When the artery is significantly narrowed by the buildup, a person can experience chest pain (angina), caused by the heart muscle's not getting all the blood it needs to work properly. The condition becomes dangerous when an artery becomes completely blocked. This occurs most often when the hard cap over a buildup suddenly ruptures, and a blood clot forms that cuts off all blood flow. A portion of the heart then starves for oxygen and nutrients. If this continues for even a relatively short period of time (about 5 to 10 minutes), part of the heart muscle dies, an episode called a heart attack (myocardial infarction) (see Figure 4-2).


Fig. 4-2. The coronary arteries supply oxygen and nutrients to the heart. When they become narrowed and obstruct the blood supply, the condition is called coronary heart disease. A heart attack occurs when an artery becomes completely blocked, most often due to a blood clot forming at the narrowing, and part of the heart muscle fed by the artery dies.

In some instances, blood flow to the heart may be blocked by a spasm in a coronary artery that constricts the vessel. Spasms can occur in arteries with or without atherosclerosis and often result in chest pain. If a spasm occurs at the site of atherosclerosis, it can rupture the hard cap, which can lead to blood clots and then a heart attack.

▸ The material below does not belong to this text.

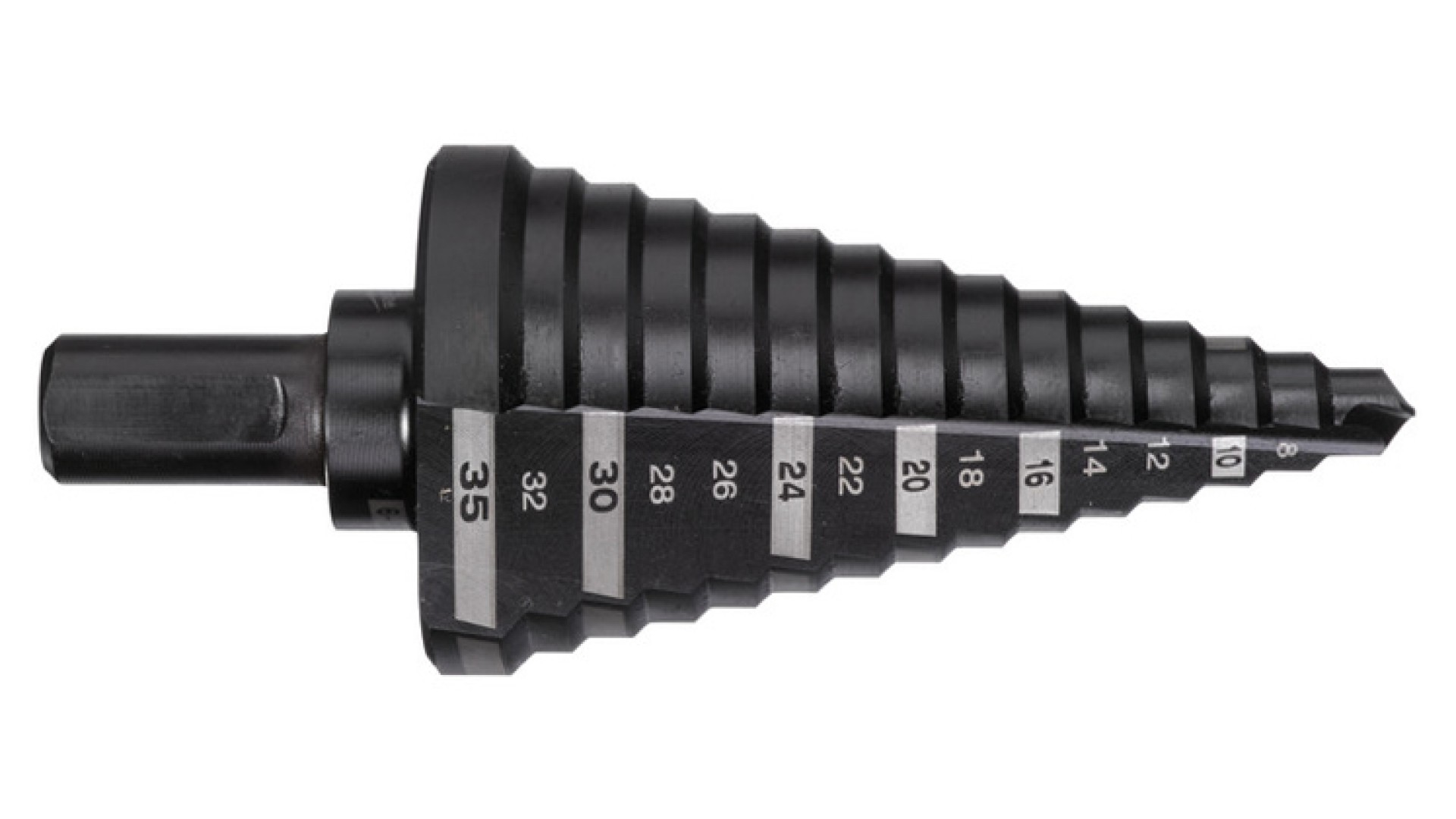 - Специальный наконечник и геометрия ступенчатого сверла - уменьшает риск закусывания сверла при использовании высокоскоростных аккумуляторных дрелей и так же защищает материал от деформации.

A potentially dangerous, immediate result of coronary heart disease, particularly a heart attack, is an irregular heartbeat (arrhythmia) called ventricular fibrillation, in which the main pumping chambers of the heart (ventricles) start quivering (fibrillating) and lose their ability to pump blood throughout the body. Ventricular fibrillation is the main cause of sudden death in women with coronary heart disease.

Although heart disease most often develops in women over sixty, many studies have shown that atherosclerosis may actually begin very early in life. Children as young as ten to fourteen years of age have been found to have the earliest form of the buildup, called a fatty streak. Not all fatty streaks develop into atherosclerosis, but over time, some do.